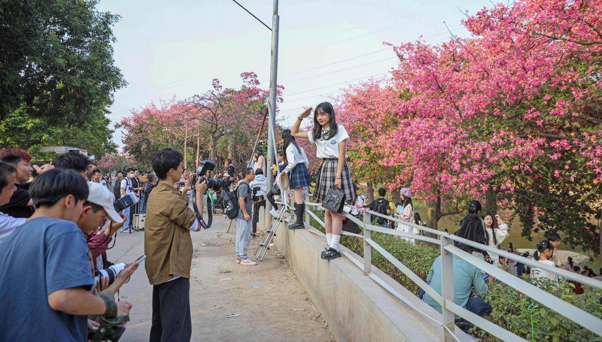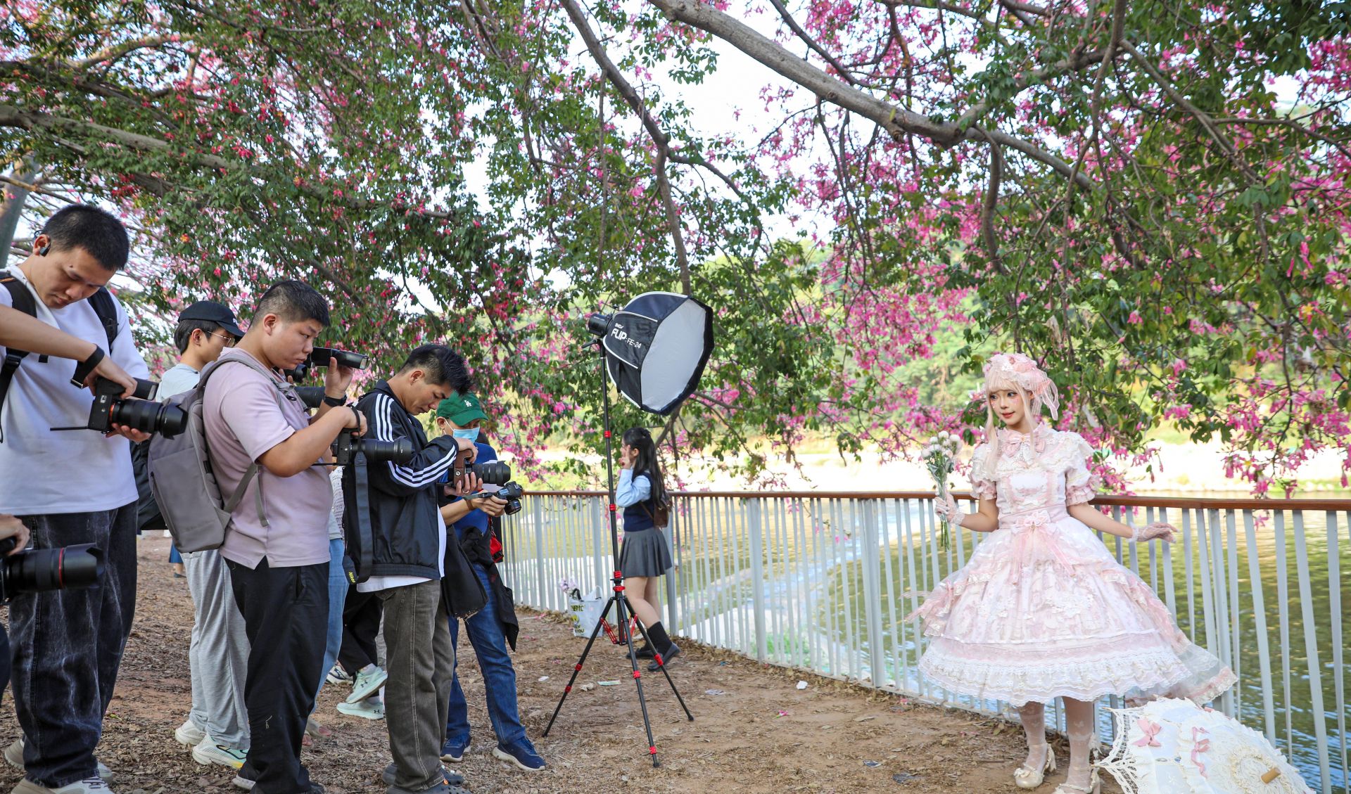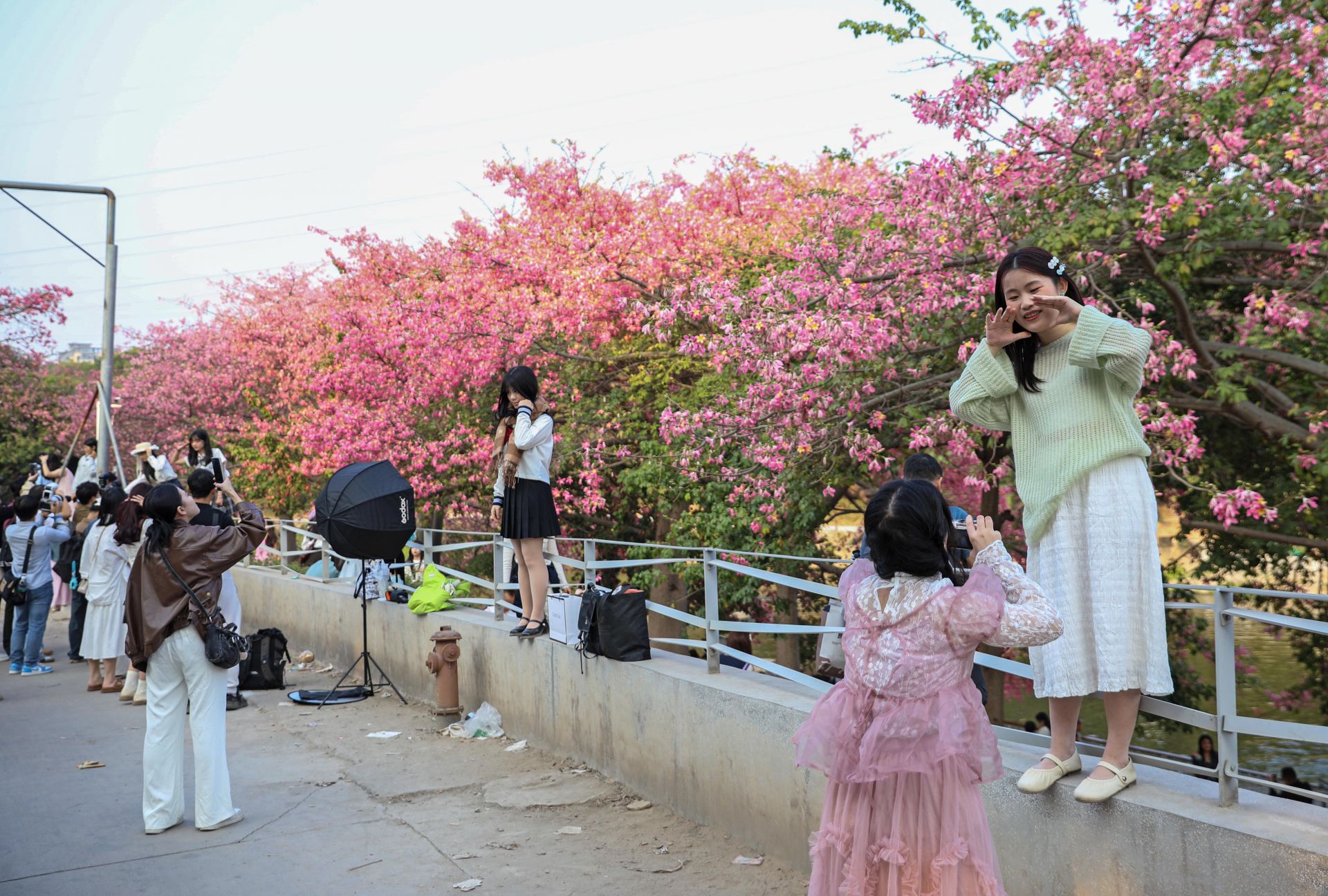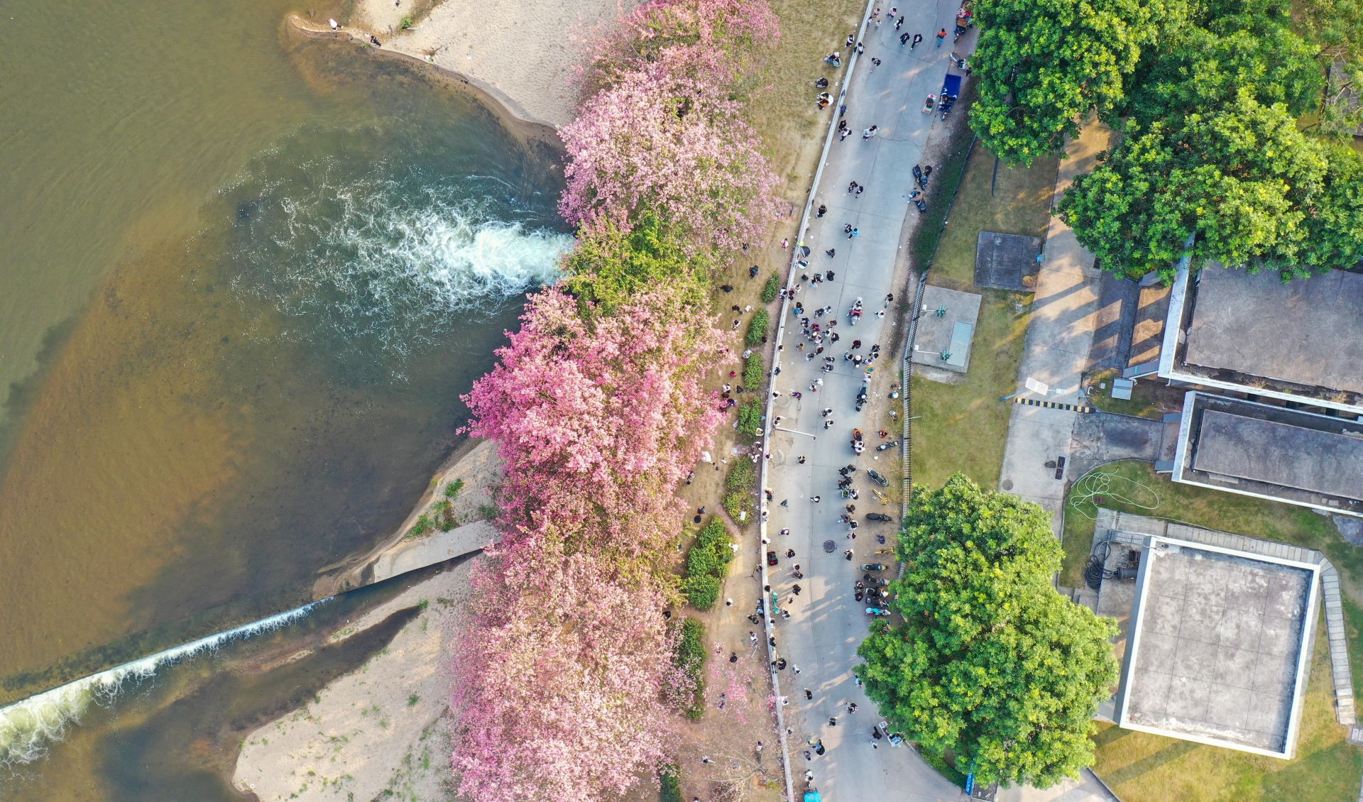 近日,深圳龙华观澜河畔,绵延成片的异木棉绚烂盛放。一树树粉黛如霞,与碧水晴空相映,将城市滨水廊道装点成梦幻花廊。市民漫步其间,驻足留影,笑语与花影交织。
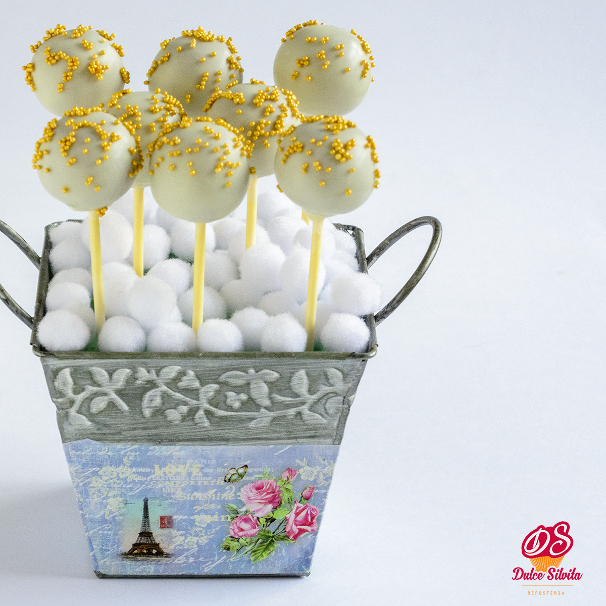Los padres de Paula nos pidieron la tarta y los cakepops a juego con la decoración de la fiesta, todo sería en Oro y Blanco.
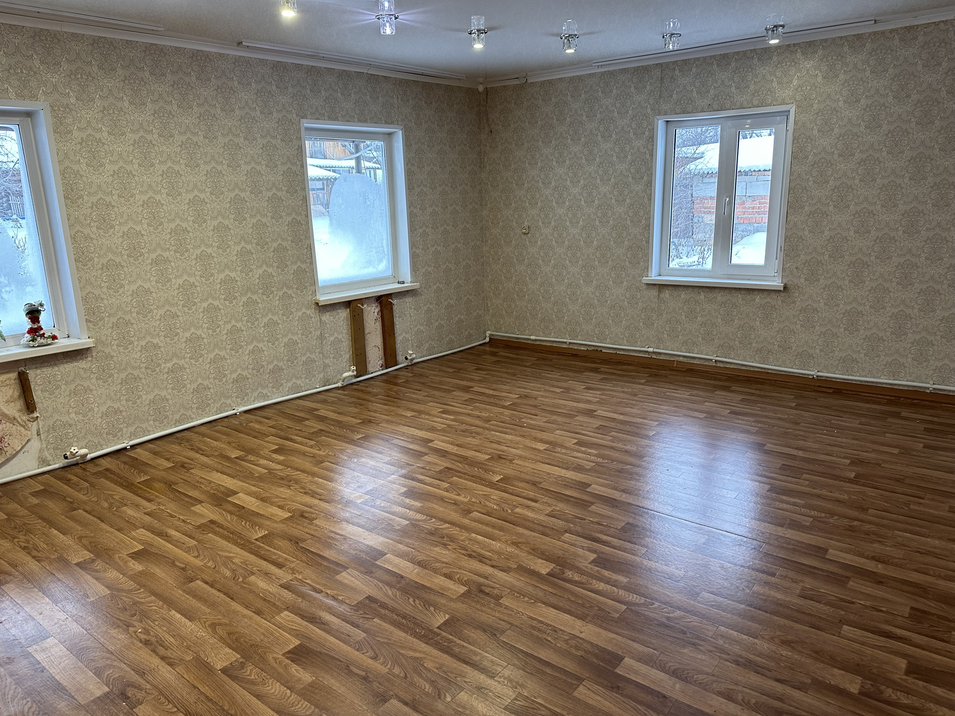 дoм построен из бревен, и был пристроен пристрой в 2012 году из пеноблока, 1 этаж, три раздельные просторные комнаты, кухня большая, с/у с душем в доме, прихожая квадратная, отопление газовое, вода собственная скважина.
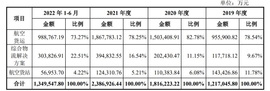 报告期内,公司主营业务收入主要来自于航空货运、综合物流解决方案以及航空货站。其中,航空货运业务收入的占比最大,报告期内占比分别为78.54%、82.78%、78.25%以及73.27%,其次为综合物流解决方案,占比分别为9.67%、11.15%、16.54%以及22.51%,航空货站运营收入占比相对较小,且呈下降趋势。

◆ **TASK INSTRUCTIONS**:
In the data above, find the line containing "Los padres de" and the line containing "дoм построен из". Repeat those two lines and everything between them exactly, minus the pictures.

◆ **ANSWER TO THIS PROBLEM**:
Los padres de Paula nos pidieron la tarta y los cakepops a juego con la decoración de la fiesta, todo sería en Oro y Blanco.
 дoм построен из бревен, и был пристроен пристрой в 2012 году из пеноблока, 1 этаж, три раздельные просторные комнаты, кухня большая, с/у с душем в доме, прихожая квадратная, отопление газовое, вода собственная скважина.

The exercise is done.